Pyøza [pyøzä]
It combines Turkish, French, and some vague understanding I have of NatAm polysynthetic languages.
Goals and ideas
- Some noun cases. (I might copy ideas from my last Speedlang thread.)
- Polysynthesis
- Incorporation
- agglutinative but some processes happen at the morphemic border (maybe Celtic style mutations between words too).
- Probably SOV and mostly suffixing
Its phoneme inventories are shown below. This is a consonant inventory I stole from Random Phonemic Inventory thread years ago and have recycled it many times. - This time I added "nasal affricates", which is a old idea of mine.

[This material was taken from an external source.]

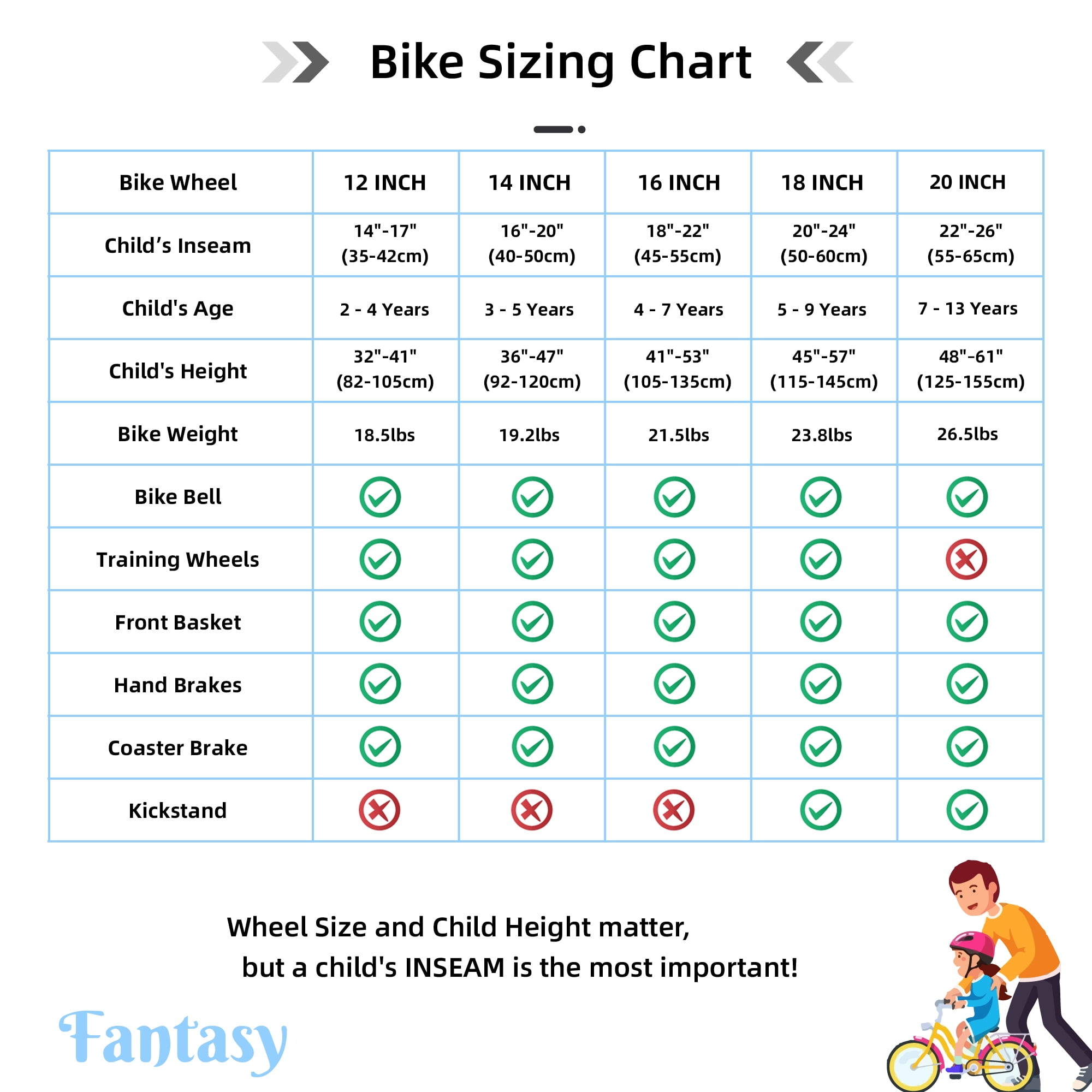 - 5, Choose the Right Size! 12 inch bike is suitable for 3-4 years old (33-41 inch) girls; 14 inch bike is suitable for 3-5 years old (35 – 47 inch) girls; 16 inch bike is suitable for 4-7 years (41-53 inch); The handlebars and seat height are all adjustable. Grow up with your children. The steel frame and fork are guaranteed by our LIMITED LIFETIME WARRANTY.
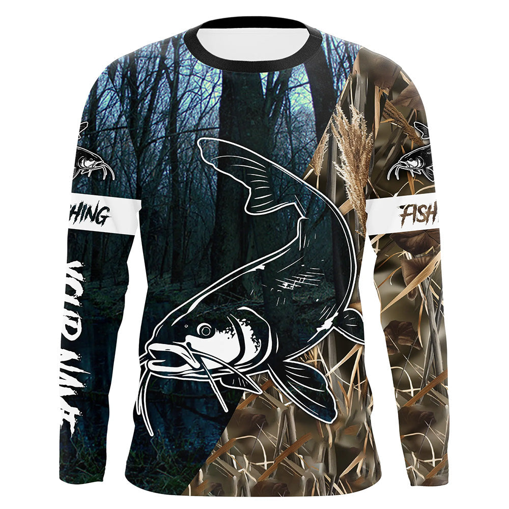Catfish Fishing Camo Customize Name Long Sleeve Fishing Shirts Personalized Fishing Gifts NQS396

Basically, the nasalization of the consonant is lengthened, making nasal vowels appear only after nasal consonants.
- All consonants but /j ɣ ɾ/ can be geminated and preglottalized. Phonetically, preglottalization is a cluster of the glottal stop and the consonant [ʔt].
- A weak glottal stop also appears as a hiatus filler. Lines of vowels will (hopefully) be frequent.
m n ŋ
mṼ nṼ ŋṼ
p t t͡s k (ʔ)
s x
z ɣ
l ɾ
ʋ j
The vowels can be short or long. The closing (I thank Eldin for terminology) diphthongs are always long. The vowels of the ultimate, stressed, syllable are also always long.
y i u
yø ie uo
ø e o
ä
Phonotactics tries to be simple and conplex simultaneously.
- Onset clusters are not allowed. /ɣ/ and /ɾ/ don't appear word-initially.
- Clusters between vowels can be quite complex. I'm trying to find out what they could be. There is also the preglottalization mentioned above.
The distribution of /t͡s/ is limited. Most of its realizations result from a historical sound change t -> t͡s /_i . It can though appear in all positions mentioned above because of analogical leveling and loan words.
Zyøra is not tonal. The primary stress falls on the last syllable of the word/phrase. There might though be some metric rules of secondary stresses of longer words.